Film Review: Da 5 Bloods – 7.5/10

‘After you’ve been in a war, you understand it never really ends…’

Netflix's 'Da 5 Bloods' tells Black Vietnam veterans' stories the ...

This one… is going to be tough. I’m normally not a fan of a film with a political message. Imbue your film with your values as much as you want. Make a point through your storytelling by all means. But as soon as someone is overtly throwing in a political belief, I immediately disconnect. It’s like when you’re watching a puppet show and you can see the strings. Spike Lee is a political filmmaker. That’s his raison d’etre. In much the same way as Ken Loach is (whose work I am also a big fan of).

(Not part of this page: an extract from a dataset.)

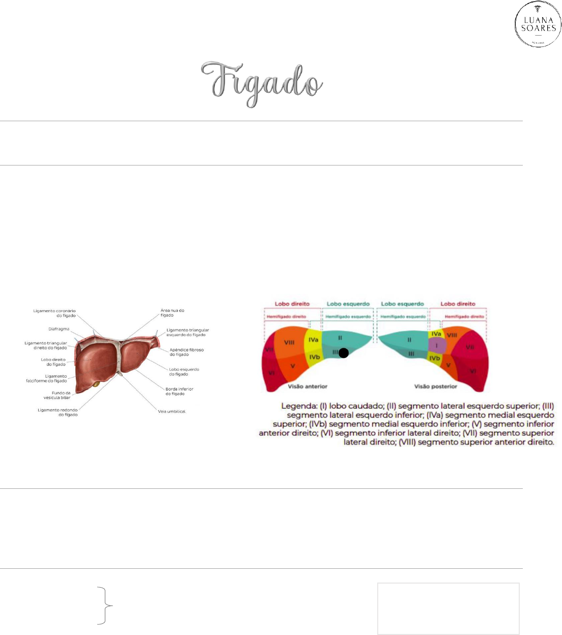 Anatomia • É uma glândula do corpo secretiva • Se localiza no HD • É a maior glândula no corpo humano, pesando aproximadamente 1,5 quilogramas • É completamente recoberto por peritônio visceral, exceto por sua área nua, que é onde o órgão encontra- se em contato com o diafragma • Fica meio que acobertado pelas costelas flutuantes FUNÇÃO • Órgão acessório do trato gastrointestinal, desintoxicação (limpeza), síntese de proteínas, produção bioquímica, armazenamento de nutrientes... ANATOMIA • LOBOS o Direito o Esquerdo o Caudado o Quadrado • DIVISÃO MORFOFUNCIONAL o Funcionalmente, o fígado é dividido em dois hemifígados, conhecidos como fígados direito e esquerdo, os quais, por sua vez, são divididos em setores e segmentos, tendo como elementos de definição os pedículos portais e as veias hepáticas. o Os fígados direito e esquerdo são separados pela cisura portal principal, também conhecida como LINHA DE CANTLIE, é uma linha imaginária que passa medialmente à vesícula biliar e vai até a veia hepática média dividindo o fígado em lobos direito e esquerdo. Portanto, tal divisão anatômica tem como limite essa linha, e não o ligamento falciforme. são separados pela fissura umbilical na face inferior e pelo ligamento falciforme na face ântero-superior O lobo D por ser maior e receber um maior suprimento é o local que mais se desenvolver mais problemas (abcesso, neoplasia) - Na intimidade do parênquima, esta linha corresponde ao curso da veia hepática média - Importante na hepatectomia • LIGAMENTOS: coronário, triangular esquerdo, falciforme, redondo e venoso • Fissuras e recessos: porta hepatis (fissura central - contém veia porta, artéria hepática, plexo nervoso hepático, ductos hepáticos e vasos linfáticos), recesso subfrênico (divisão entre o fígado e o diafragma), recesso hepatorrenal (separa o fígado do rim e da glândula suprarrenal direita) • DRENAGEM LINFÁTICA o Linfonodos hepáticos -> linfonodos celíacos -> cisterna do quilo • SUPRIMENTO VENOSO o Veia porta (processamento metabólico de substâncias absorvidas no intestino) – esplênica + mesentérica superior o Adentra no fígado (já a veia cava passa posterior ao fígado) o 75-80% do fluxo sanguíneo hepático são provenientes da veia porta, o restante é atribuído à artéria hepática o 50% do O2 vem da veia porta e os outros 50% da artéria hepática o A veia porta joga nas supra-hepáticas (caso elas trombose causa a síndrome de Budd-Chiari (SBC) primária é uma doença vascular hepática extremamente rara, decorrente da obstrução do fluxo venoso de saída hepático, geralmente ao nível da veia hepática (VH) ou da veia cava inferior (VCI)) • SUPRIMENTO ARTERIAL o Artéria hepática (suprimento do tecido hepático com oxigêncio e nutrientes) o 20-25% do fluxo arterial • DRENAGEM o veia hepática -> veia cava inferior -> átrio direito • INERVAÇÃO o Plexo hepático, plexo celíaco TIPOS DE RESSECÇÕES • Em cunha: biopsia (deve ser feita na margem da lesão) • Hepatectomia: o Muito usada em transplante o 70-80% pode-se retirar do figado INCISÕES MANOBRAS • MANOBRA DE PRINGLE o Para minimizar a perda sanguínea na ressecção hepática, uma oclusão coincidente da estrutura vascular portal (manobra de Pringle) pode ser feita colocando-se um grampo através do ligamento hepatoduodenal. o A oclusão seletiva do fluxo é associada a menor injúria hepática. OBSERVAÇÕES • A percussão do fígado é maciça o Sinal de Jobert: Hipertimpanismo em região hepática, que indica a presença de perfuração de víscera oca em peritônio livre o Sinal de Kudelec. o ar acumulado entre o fígado e diafragma no RX • Pneumoperitonio o Solicitar RX em PA CHEVRON MERCEDES-BENZ J invertido • O pâncreas é uma glândula retroperitoneal que é dividida anatomicamente em diferentes estruturas: a cabeça, corpo e cauda. • Esse órgão é dividido funcionalmente em exócrino e endócrino. • A cabeça do pâncreas encontra-se em íntimo contato com o duodeno, enquanto a cauda faz contato com o hilo esplênico e flexura cólica esquerda. • O corpo e a cauda do pâncreas se estendem pelo retroperitônio em direção ao baço. • O colo é marcado anatomicamente pela relação com os vasos mesentéricos superiores que passam posteriormente ao colo pancreático. À direita do colo do pâncreas, localiza-se a cabeça e sua projeção mais inferior, denominada processo uncinado. • O canal de Winsurg é um ducto excretório, o qual acompanha toda a extensão do pâncreas. Conecta-se ao duodeno através da ampola de Vater, onde se junta ao ducto biliar. • O esfíncter de Oddi, juntamente com a ampola de Vater, regula a secreção pancreática no trato gastrointestinal. DRENAGEM BILIAR • Ductos hepáticos D e E • Ducto hepático comum • Ducto cístico • Ducto colédoco • Termina na 2ª porção do duodeno • VB → armazena a bile • Papila duodenal maior • Ducto pancreático principal • Ducto pancreático acessório → papila menor do duodeno Cálculos Bil iares • Exame de escolha a USG, servindo como opções CPRE e CRNM. • TC não é o exame adequado para estudo de vesícula biliar • Incisão subcostal D e abertura por planos é abertura de escolha para tratamento de vias biliares • Os cálculos assintomáticos o tratamento é conservador FORMAÇÃO DOS CÁLCULOS • A grande maioria se origina na vesícula FATORES DE RISCO • Sobrepeso ou obesidade • Sexo feminino • Idade fértil (multípara) • 40 ou mais anos de idade SINTOMAS • Epigastralgia (dor na parte superior do abdome ou epigástrio) • A dor normalmente aparece meia hora após uma refeição, atinge um pico de intensidade e diminui depois • Dispepsia • Pode vir ou não acompanhada de febre, náuseas e vômitos. • Os sintomas intermitentes COLELITÍASE • Inflamação da vesícula • 2/3 assintomáticos • Queixa principal –

Lee represents a rare political voice that I can bear to listen to in a movie theatre. When we cut out of the story of four Vietnam veterans returning to south east Asia to recover their friend’s remains to graphic images of dead Vietnamese children, or when we cut away for a detailed explanation of a lesser known figure from black history, or even when one of the characters delivers an anti Trump diatribe straight down the lens… I just can’t get on board with that. While I have no doubt at all that Lee has good intentions, and there isn’t a word of his message that I would disagree with, I just don’t go to the movies for that. I want to be entertained, and sure, I want to be moved too, but by the power of storytelling. Most of all, I go to the cinema to escape from all the shit going on in the real world. There are plenty of great documentaries out there that I would go to if I was looking to educate myself.

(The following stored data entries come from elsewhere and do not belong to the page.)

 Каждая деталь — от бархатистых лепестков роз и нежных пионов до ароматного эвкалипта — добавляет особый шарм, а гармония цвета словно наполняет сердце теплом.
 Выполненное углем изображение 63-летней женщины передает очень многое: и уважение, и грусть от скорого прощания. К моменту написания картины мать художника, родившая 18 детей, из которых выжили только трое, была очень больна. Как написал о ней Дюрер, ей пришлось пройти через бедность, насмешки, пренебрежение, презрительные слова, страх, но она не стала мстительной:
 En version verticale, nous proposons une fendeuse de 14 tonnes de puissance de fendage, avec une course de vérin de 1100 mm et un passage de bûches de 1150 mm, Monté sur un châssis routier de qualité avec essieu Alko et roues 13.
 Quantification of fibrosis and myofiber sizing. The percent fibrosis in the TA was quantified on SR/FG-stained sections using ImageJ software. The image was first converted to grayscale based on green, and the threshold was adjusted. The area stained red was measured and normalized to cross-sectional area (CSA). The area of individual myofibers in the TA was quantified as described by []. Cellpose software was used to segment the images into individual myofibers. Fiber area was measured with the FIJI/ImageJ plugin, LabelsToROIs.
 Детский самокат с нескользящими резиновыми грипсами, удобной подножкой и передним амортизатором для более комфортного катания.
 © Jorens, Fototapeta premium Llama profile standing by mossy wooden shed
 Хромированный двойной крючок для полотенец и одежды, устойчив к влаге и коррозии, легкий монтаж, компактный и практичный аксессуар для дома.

Now that’s out of the way, let’s focus on the film itself. We don’t really need anything else in terms of plot. It’s pretty straight forward. Four old friends are on a rescue mission. The power of Da 5 Bloods is in the acting and the direction. The four leads are all absolutely superb with Isiah Whitlock Jr. and Chadwick Boseman leading the charge. Lee is at his most experimental behind the camera, throwing everything he has at the screen in the hopes that something will stick – and most of it does. The flashback scenes are particularly effective and are just one example of how confident Spike Lee is as a filmmaker.

It seems that Da 5 Bloods is destined to be a decisive film. My overall thoughts would be that it had moments of greatness, and with a little more restraint and a shorter running time it could have been up there with Lee’s best ever work. As it is, it must go down as an ambitious but flawed curiosity.

Love it or hate it, Da 5 Bloods is not one that you will forget in a hurry. You suspect that Spike Lee himself would be satisfied with that.